Une vallée nimbée de brume, constamment noyée de pluie, d'un calme apaisant, qui n'est pas sans lui rappeler les murs humides de sa prison dans laquelle paradoxalement il a vécu ses années les plus propices à la réflexion et à la méditation.
Le barrage à construire conduira à submerger le hameau et donc contraindra la population à l'exil, population avec laquelle les ouvriers ne se mêlent pas. Et en effet, les deux camps s'observent, se regardent, les ouvriers sont fascinés par le calme, l'organisation, la persévérance et la discipline de cette communauté humaine malgré le sort qui les attend …frontière bien étanche entre les deux groupes, les ouvriers restent entre eux, les habitants du hameau entre eux, chacun vivant de son côté sans se côtoyer… jusqu'au moment où un ouvrier abuse d'une jeune fille du village. Cet incident aura de lourdes répercussions et va perturber notre narrateur.

« le souvenir du visage de la fille empreint de honte me faisait ressentir la douloureuse solitude des femmes. Même si elle avait été violée, à partir de l'instant où elle avait cédé, le poids de l'homme s'était-il installé à demeure tout au fond de son corps ? ».

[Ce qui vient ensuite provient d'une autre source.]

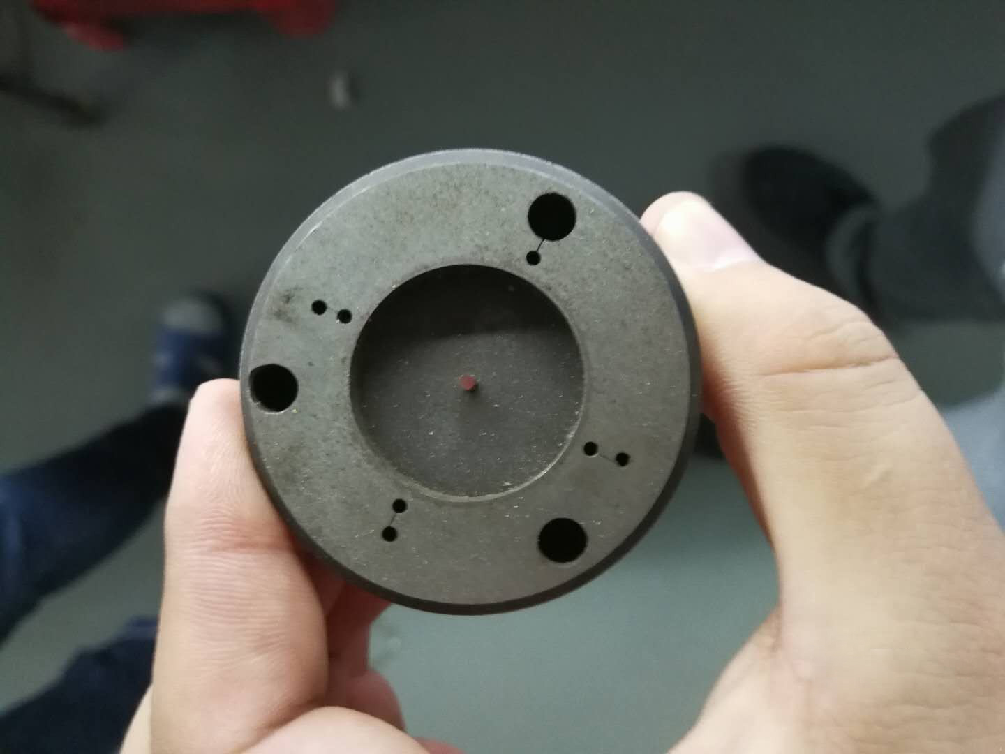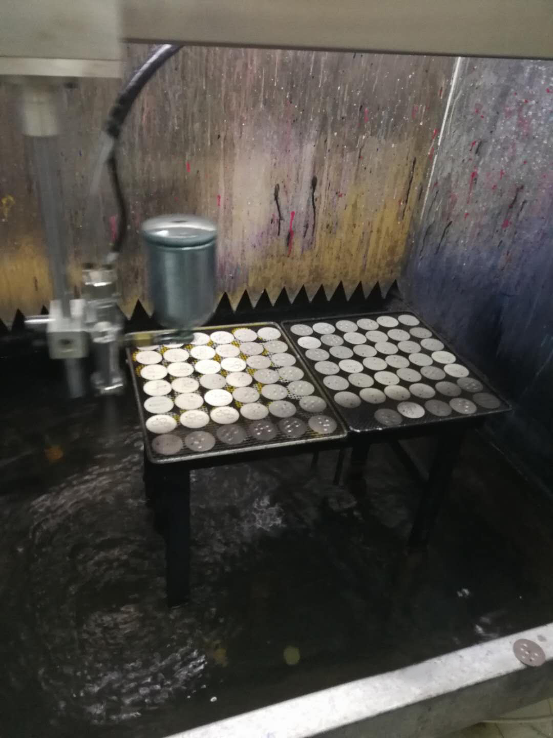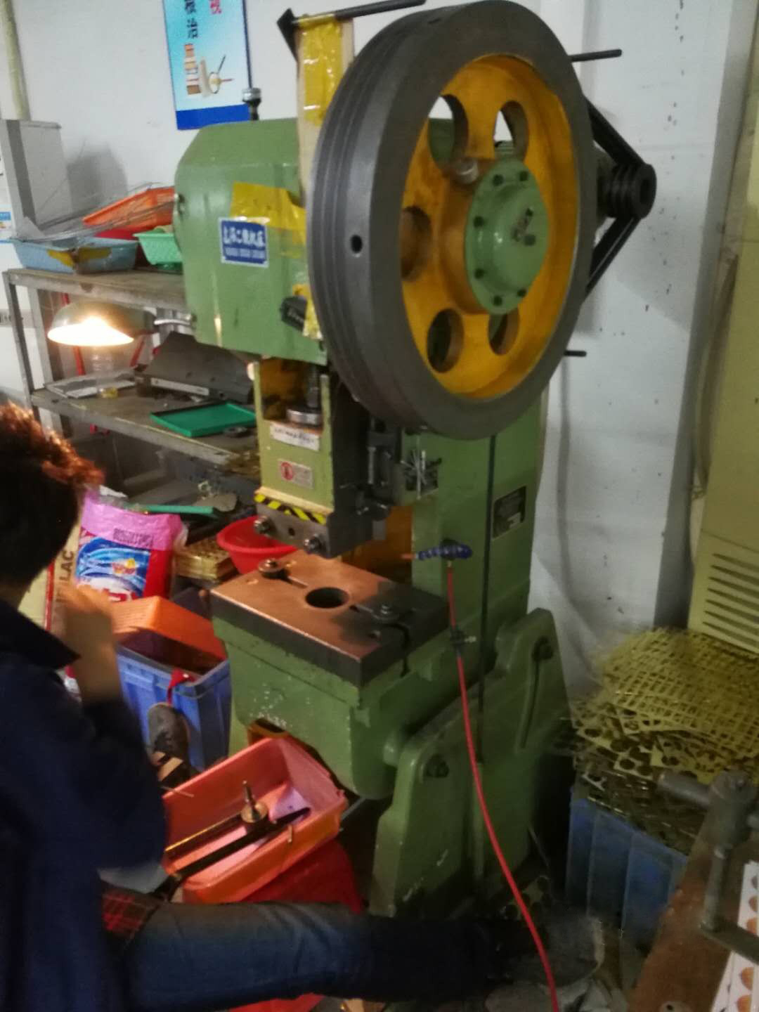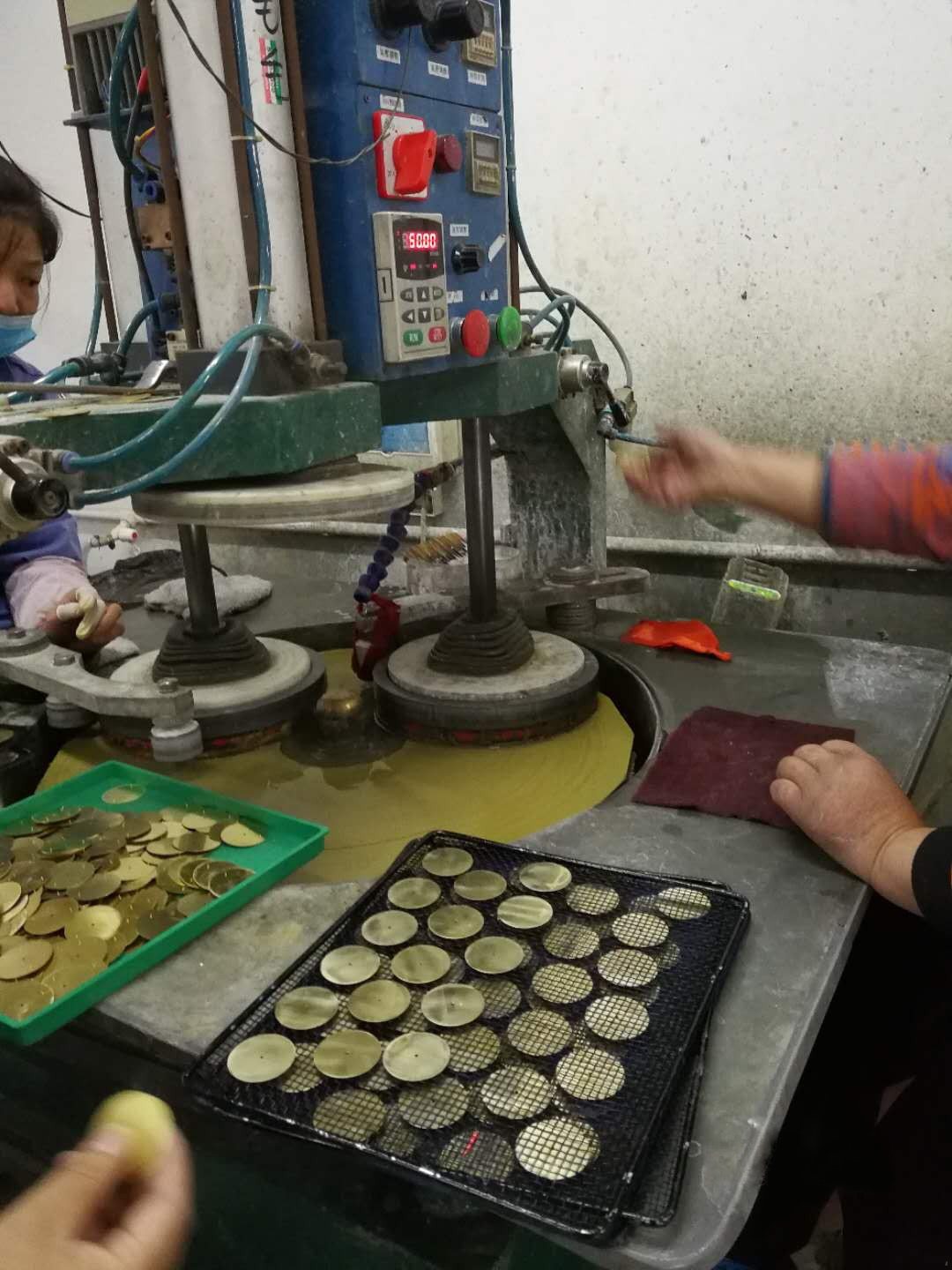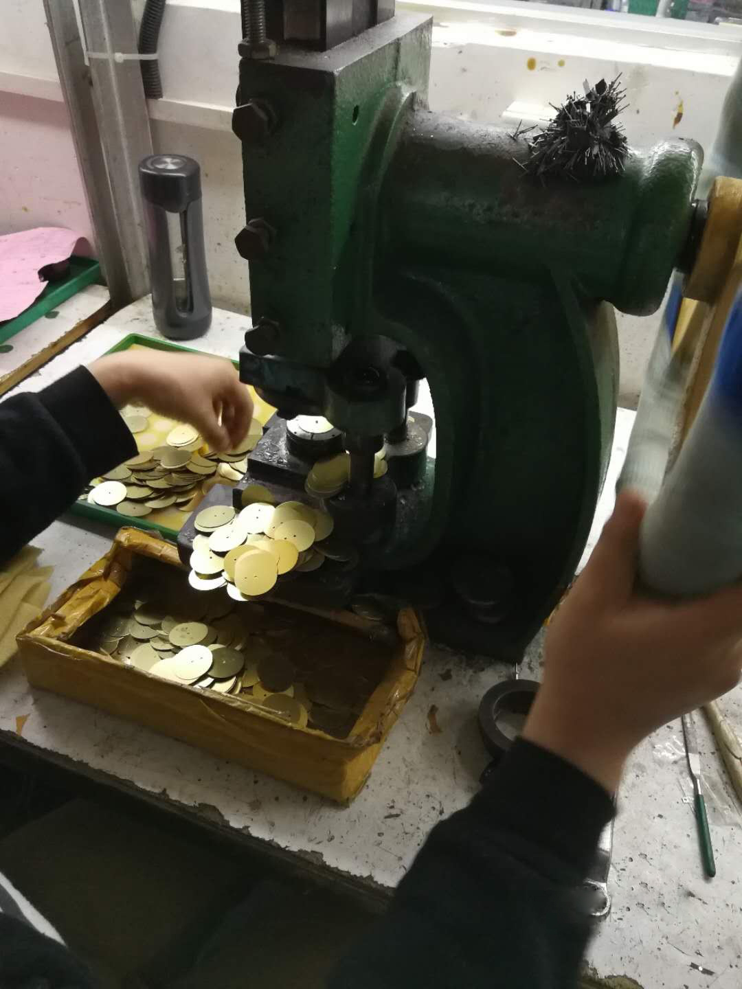 冲压好外形再冲孔,中孔、字钉孔和logo孔,打好孔要磨批锋倒角

Cet homme se sent en symbiose avec ce hameau et d'étranges échos, telles des réminiscences, vibrent en lui. Comme ce jour émouvant où les villageois se rendent au cimetière pour déterrer les morts et manipuler les cranes « avec autant de précaution que s'il s'agissait de précieuses porcelaines » afin de les placer dans de petites boites dans la perspectives de l'engloutissement de la vallée, de son côté le narrateur nettoie les cinq petits morceaux d'os des doigts de pied de sa femme qu'il a déterrés à sa sortie de prison. Cinq petits orteils qui cliquètent dans leur boite au fond d'un sac à chaque pas du narrateur, lui rappelant sans cesse son crime.
Son acte fut un acte de vengeance extrême et inouï pour profaner sa tombe et lui faire du mal même au-delà de la mort, alors que les villageois témoignent au contraire d'une immense dévotion et d'un profond respect pour leurs morts. le narrateur est ainsi conduit à réfléchir de nouveau à son comportement. La symbiose et la connivence vont s'amplifier après l'incident, il va alors faire preuve de beaucoup de sang froid, de courage et d'humanité, apaisant les blessures, immenses, du passé, reverdissant son âme noire.

« Dans cette gorge constamment ravinée par la pluie, la vitesse à laquelle germaient les bourgeons printaniers était stupéfiante. Au début c'était comme si tout se couvrait vaguement d'une fine couche de poudre vert-de-gris, mais de jour en jour la couleur devenait plus foncée, et bientôt les couleurs fraiches du feuillage printanier se répandaient dans toute la vallée ».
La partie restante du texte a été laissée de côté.